Las referencias en torno a la forma en que ha operado la estrategia monetaria flexible no son abundantes, y las descripciones conocidas tampoco son del todo claras.25 Dorta y Guerra (2003, p. 8), por ejemplo, indican, que la estrategia "estableció un corredor para la variable intermedia, dinero base, mientras que el BCV señalizaba el perfil de su política mediante la tasa de interés de corto plazo de las operaciones de repos". Pero Pagliacci y Ruda (2004, p. 3) señalan que: "en la estrategia monetaria flexible, las acciones de política se definen como los movimientos de las tasas de interés ofrecidas por el Banco Central en las operaciones de mercado abierto". A primera vista pareciera presentarse una ambigüedad en torno al objetivo intermedio de la estrategia. Sin embargo, Olivo (2003) explica que aunque un corredor para el dinero base funge como variable intermedia, la variable operativa para ajustar el dinero base al nivel deseado es la tasa de interés de corto plazo.

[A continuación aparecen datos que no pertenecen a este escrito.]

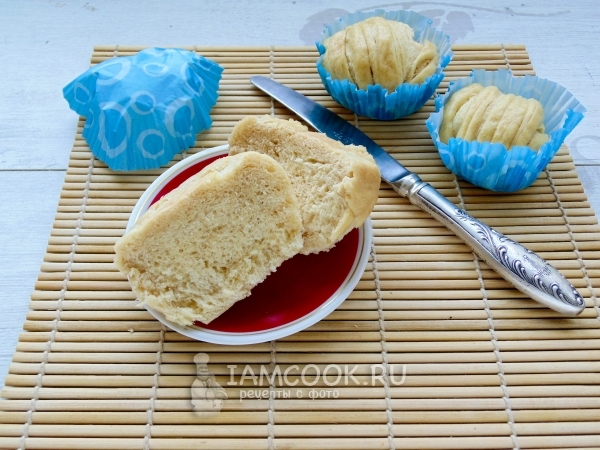 Выливаем молоко в миску, туда насыпаем просеянную муку и разрыхлитель. Месим тесто. Выкладываем его в формочки для кекса из пергаментной бумаги. Но поставим не в духовку, а в пароварку. Обычно получается 8 булочек. Парим в течение 15 минут. И все – готово! Подавать такие изделия стоит с джемами, сгущённым молоком или специальными соусами, или блюдами японской, китайской кухни.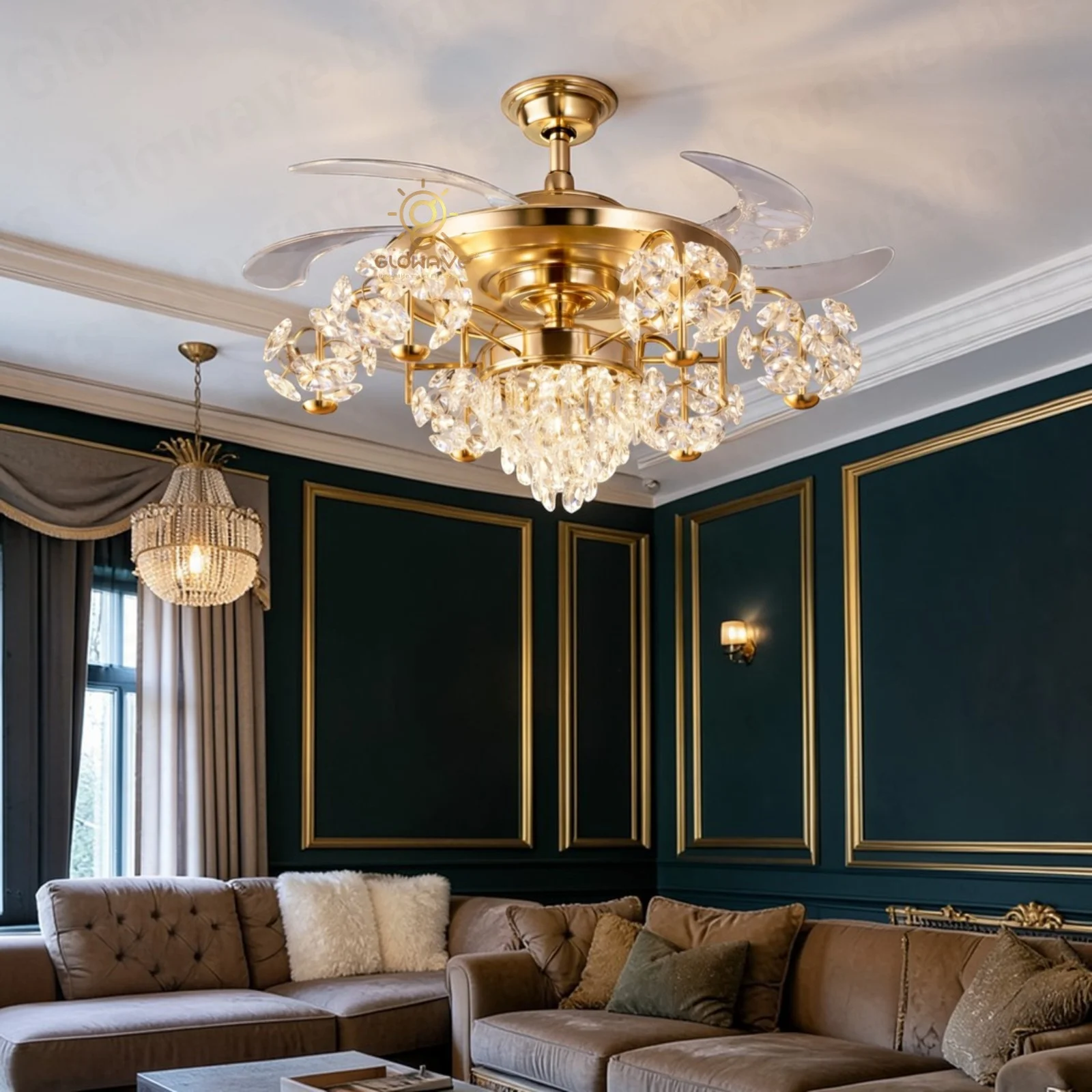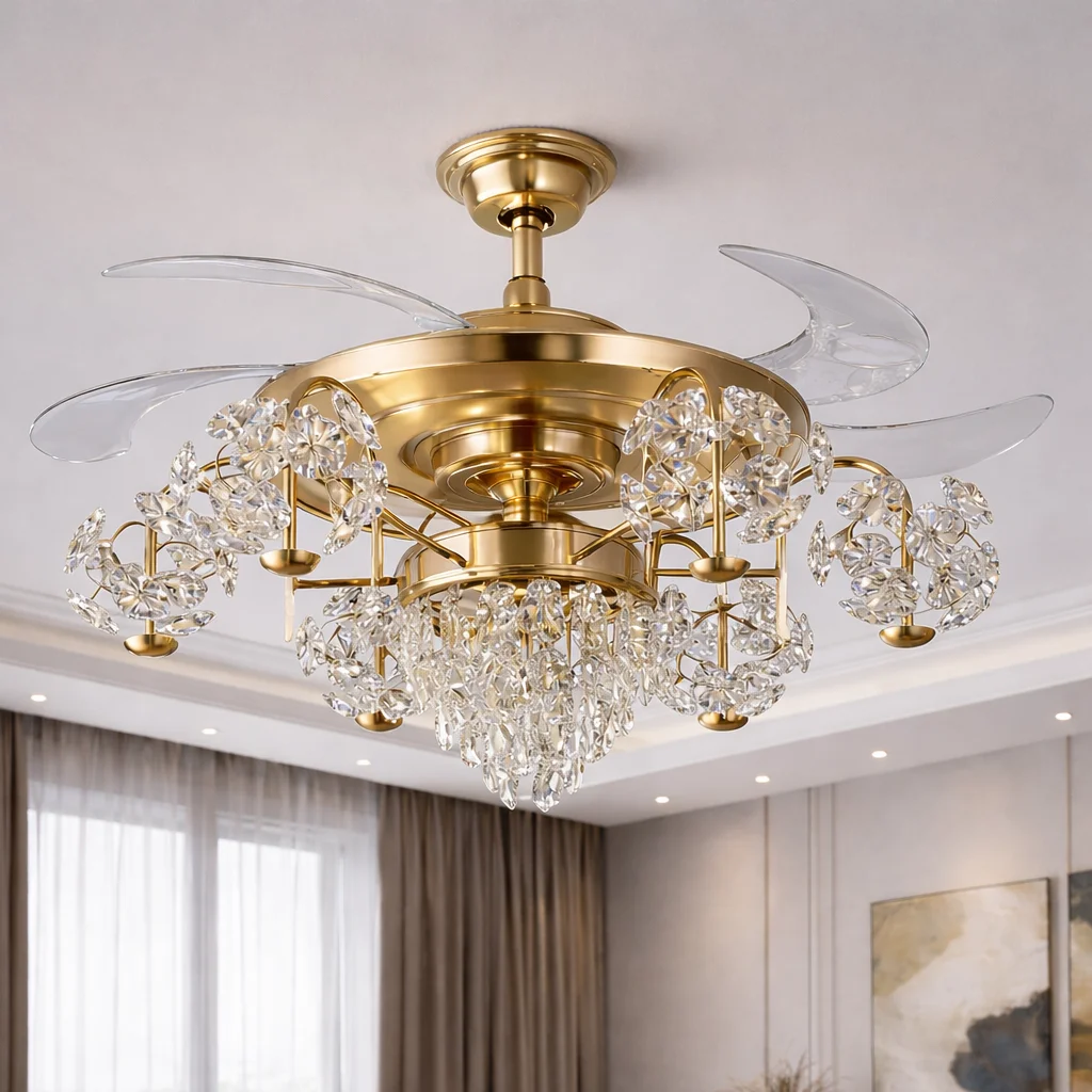 Luxury Gold Crystal Retractable Ceiling Fan with LED Chandelier Light - Tricolor

La estrategia monetaria flexible asume, por tanto, que la base monetaria está sujeta al control del Banco Central a través del manejo de la tasa de interés de corto plazo. En torno a la cuestión de como el comportamiento de las tasas incide en la evolución de la base monetaria, no existe evidencia empírica sólida para Venezuela como tampoco una explicación acabada de los mecanismos de transmisión. Es plausible suponer, que el BCV intenta conocer a priori la demanda de dinero e incidir parcialmente en ella con cambios provocados en la tasa de interés, para luego acomodar, según sea el valor del multiplicador monetario, la oferta de dinero base a un nivel consistente con el equilibrio en el mercado monetario.26 Pero no está de más recordar que la consecución de un programa monetario de esta naturaleza supone entonces conocer y predecir el comportamiento de la demanda de dinero (específicamente sus reacciones a cambios en las tasas), supone además un multiplicador estable y predecible, y adicionalmente un control férreo de la base monetaria. Ninguna de estas condiciones parece estar garantizada a decir de los argumentos y la evidencia antes presentada en este trabajo. Si algún control puede ejercer el Banco Central en esta secuencia de acciones, éste se da sólo sobre las tasas de interés y a través de las operaciones Repo de inyección o Repo y certificados de absorción.27 Los demás es estricta especulación. La Figura 17 muestra una panorámica del comportamiento de las tasas bancarias en comparación con los rendimientos promedios mensuales obtenidos en las operaciones de mercado abierto, y cuan ceñidas han estado unas a otras desde que se inició la 'estrategia monetaria flexible' en abril de 2002.

 

 

La identificación del objetivo final de la política monetaria al interior de la 'estrategia monetaria flexible' tampoco es trivial. Al respecto Pagliacci y Ruda (2004, p. 3) señalan nuevamente: "movimientos en las tasas de interés son decididos en función de comportamiento de diversos indicadores, entre los cuales se encuentran la inflación, la actividad económica, los agregados monetarios y el tipo de cambio." Descripciones como estas abren un sin número de interrogantes ¿Son todas y cada una de estas variables objetivos finales de la política monetaria? ¿Cómo es que el Banco Central logra consolidar con un instrumento tal número de objetivos? ¿Pueden efectivamente conciliarse objetivos como los señalados que a menudo lucen como inconsistentes? De hecho Pagliacci y Ruda (2004, p. 4) albergan razonablemente el mismo tipo de dudas cuando señalan que "esta multiplicidad de objetivos implícitamente anunciados por la autoridad monetaria, y posibles cambios en la ponderación relativa, podrían permitir conjeturar que las acciones de política monetaria pudiesen no tener efectos sobre el mercado, debido a que son percibidas como inconsistentes en el tiempo". Dorta y Guerra (2003) intentan despejar estas dudas indicando que el objetivo sigue siendo minimizar el desvío de la inflación respecto de su meta evaluando el comportamiento de la actividad económica, el crecimiento de los agregados monetarios, el gasto público, el tipo de cambio, etc..., variables que presumiblemente serían los argumentos de una función de inflación.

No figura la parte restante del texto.